---- Records

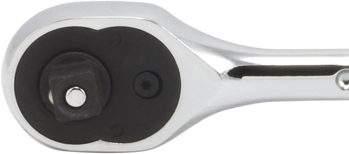 72-Tooth, 5° Swing Arc Fine-geared mechanism works in the tightest spaces. Quick-release drive head for fast socket changes. Fully reversible with one-finger thumb lever.
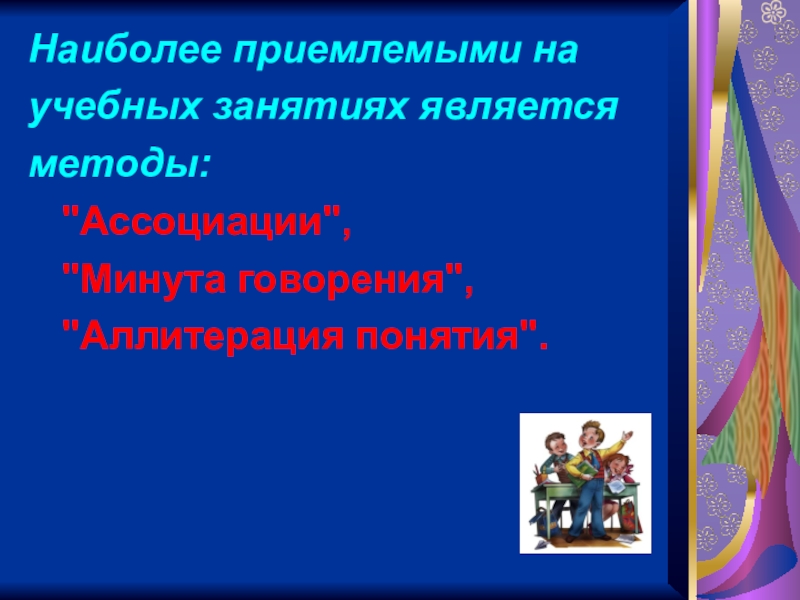 Слайд 41Наиболее приемлемыми на учебных занятиях является методы:
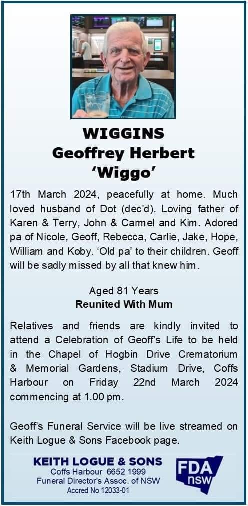Funeral location: the Chapel of Hogbin Drive Crematorium & Memorial Gardens, Stadium Drive, Coffs Harbour, NSW
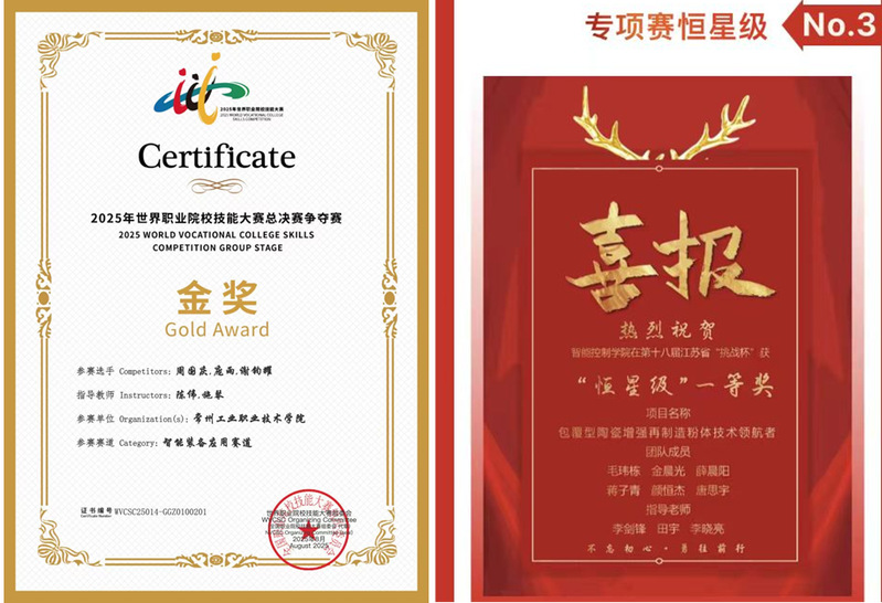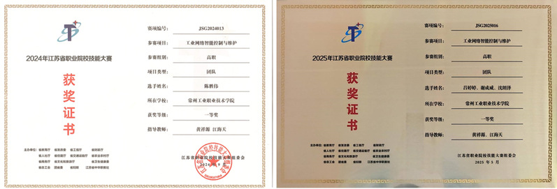 学生积极参加各类技能技术比赛,获得2025年世界职业院校技能大赛总决赛争夺赛智能装备应用赛道国赛金奖、江苏省“挑战杯”大学生课外学术科技作品“恒星级”一等奖、江苏省职业院校技能大赛“工业网络智能控制与维护”一等奖等。
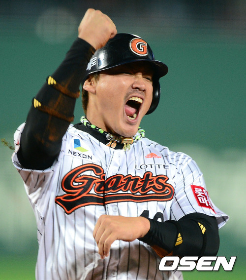 19일 오후 부산 사직구장에서 열린 2012 팔도 프로야구 플레이오프 3차전 롯데 자이언츠와 SK 와이번스의 경기, 3회말 2사 2루 롯데 강민호의 중전 적시타때 홈으로 쇄도한 홍성흔이 득점에 성공하고 환호하고 있다.
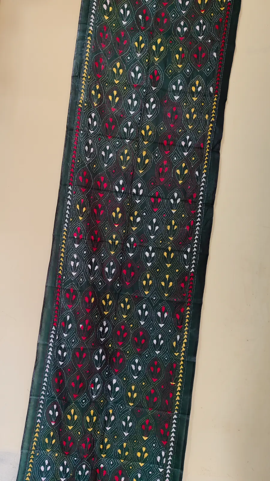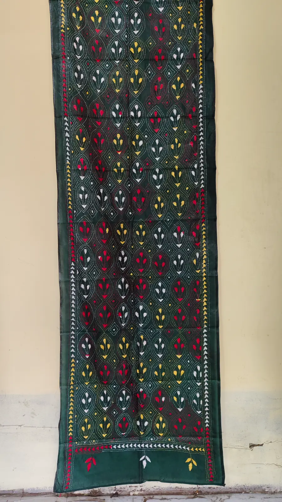 Emerald Green Silk Kantha Stitch Stole – Geometric Tribal Embroidery
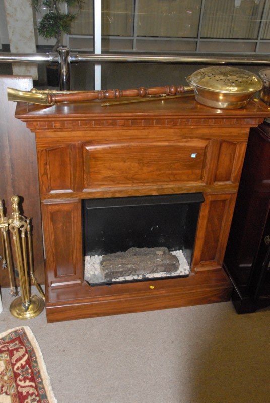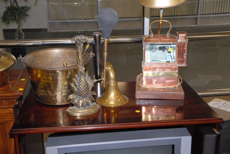 Lot to include fireplace mantle, bed warmer, fireplace tool, brass bucket, brass doorstop and horn.
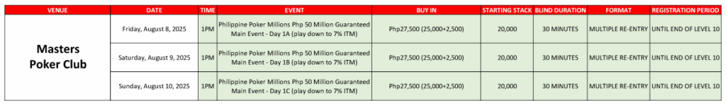 Following the north legs, the Masters Poker Club in Malate, Manila stages its Day 1 legs on August 8-10, 2025 with buy-in of ₱27,500.
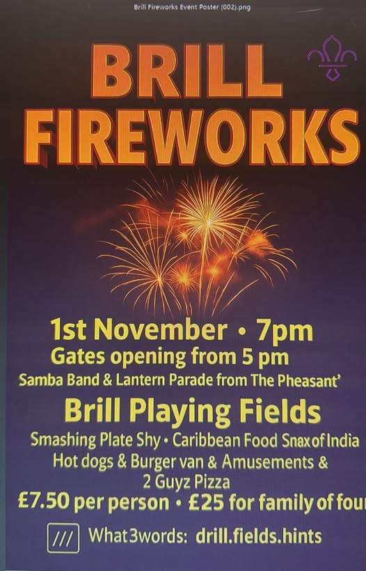 Nov 1 5:00 pm - 7:30 pm Brill Fireworks 2025 Brill Playing Fields Church Street, Brill Event Details Get Directions
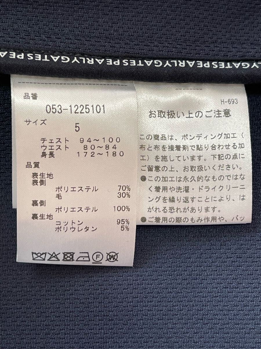 サイズ(5)身長172-180cm/チェスト94-100cm(メーカー参照)平置き採寸:肩幅47cm/身幅59cm/着丈76cm(やや大きめ通常サイズ(6)の方可能)素材:表地ウール毛混.ポリエステル(裏地)ポリエステル.コットン.ポリウレタン製/表地起毛防寒保温性/裏地独自ダンボールメッシュ構造により蒸れずに通気性加工/内側PEARLY GATES連ロゴテープロゴ縫製/厚手ピーコートデザイン/カラーダークネイビー(黒色系)背面BIG PEARLY GATES×PGストーリーロゴ+PGワンポイントロゴ刺繍加工/開閉部PGロゴボタン/PGロゴボタンポケット×2/直営店希少完売大特価商品(定価85,800円税込:見本値札サイズ(4)共有)2時間位着用。素材上毛羽立ち等有り。その他機能障害無し。ご理解頂けた方限定でお願い致します。写真撮影での色合いが遮光率により実際の色と異なる場合が有ります。予めご了承願います(((価値観の相違など回避の為パーリーゲイツ商品をご存知の方でお願い致します。色合いが特に気になる方はご遠慮下さい)))最終お取引受取連絡完了可能な方でのご落札をお願い致します。
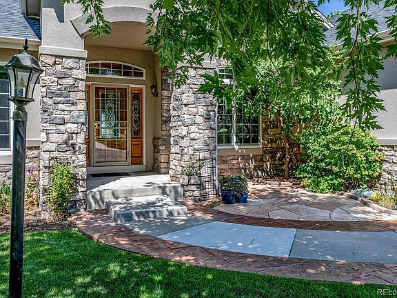First impressions are everything and you will be delighted when you enter this home and take in the views out the back yard. This home has spectacular curb appeal. This semi-custom home is situated on the 16th hole of the golf course overlooking the lake and the Front Range. The grand foyer has inlay travertine tile. The Study offers built-in cabinets and is perfectly situated at the front of the home with an abundance of natural light filling the room. The main level living space is open concept with the expansive Family Room and Kitchen being the heart of the home. The updated Kitchen offers espresso colored cabinets, slab granite counters, custom back splash and a full complement of stainless appliances. The Butler's Pantry is situated just off the Dining Room for convenient entertaining. The formal Dining Room features a tray ceiling and is perfect for hosting family and friends for those special occasions. The spacious Owners Retreat offers the ultimate in privacy and features a luxurious 5 piece bath, spacious walk-in closet and a separate deck. An additional bedroom, bath and laundry room with a utility sink and an abundance of cabinetry complete the main level. The lower level offers 2 additional bedrooms, 2 baths, a game room, exercise room, fireplace and a bar with a beverage refrigerator. The outdoor entertaining space features a covered patio with remote controlled shades, built-in gas BBQ kitchen, gas fire pit, a garden that will delight anyone with a green thumb, and a fully fenced backyard. Easy access to I-25, and historic downtown Castle Rock. Historic downtown Castle Rock offers many options for shopping, restaurants, and activities at Festival Park. The newly opened grill at The Oaks in Plum Creek is the perfect spot for casual meals that you can enjoy in your new neighborhood. Only minutes from the Miller Activity Center with something for the entire family. Make sure your Realtor provides you with the list of all the features this home offers.
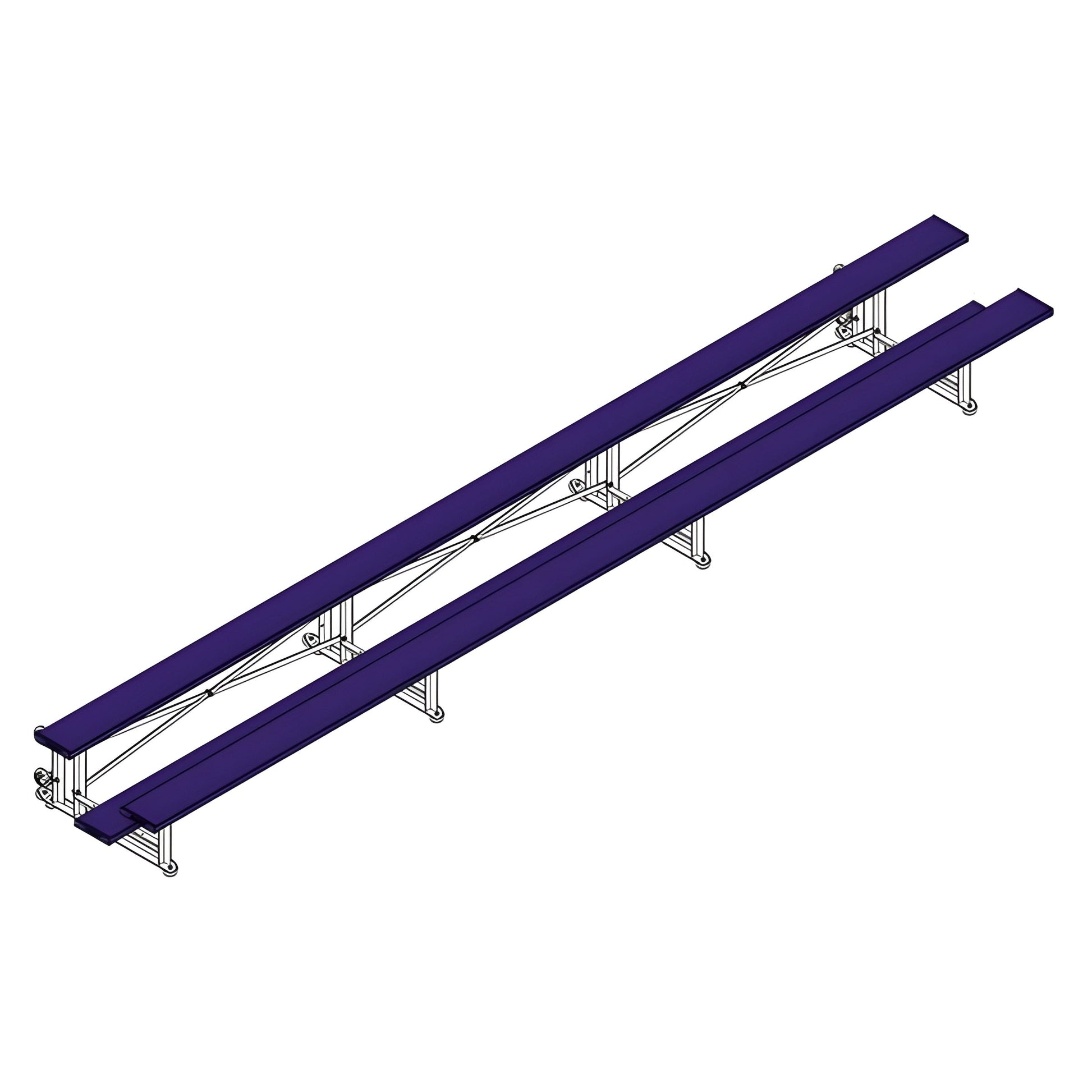 A: These 27' tip & roll bleachers feature a 2-row single-foot plank design with a durable aluminum frame and a "tip & roll" feature for easy mobility and storage.
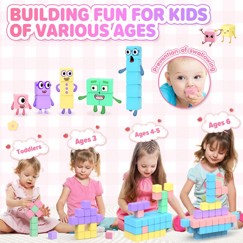 - 【Hands-on Number Building Blocks Toys】Unleash boundless creativity with our building blocks for toddlers 1-3 that allow limitless designs and innovative constructions. These magnetic cubes stimulate both the right and left sides of the brain, offering an engaging play experience that is not limited by specific themes or shapes. The magnetic building blocks are compatible with a wide range of other building sets, including popular brands, promoting versatility and enhancing the overall play experience. Kids can seamlessly integrate different pieces, expanding their imaginative possibilities.

--------

◆ **What the task asks**: Exactly reproduce the lines above, starting at the one that contains "Lot to include" and ending at the one that contains "Following the north", both inclusive; leave the pictures out and add no other lines.

◆ **Exercise result**:
 Lot to include fireplace mantle, bed warmer, fireplace tool, brass bucket, brass doorstop and horn.
 Following the north legs, the Masters Poker Club in Malate, Manila stages its Day 1 legs on August 8-10, 2025 with buy-in of ₱27,500.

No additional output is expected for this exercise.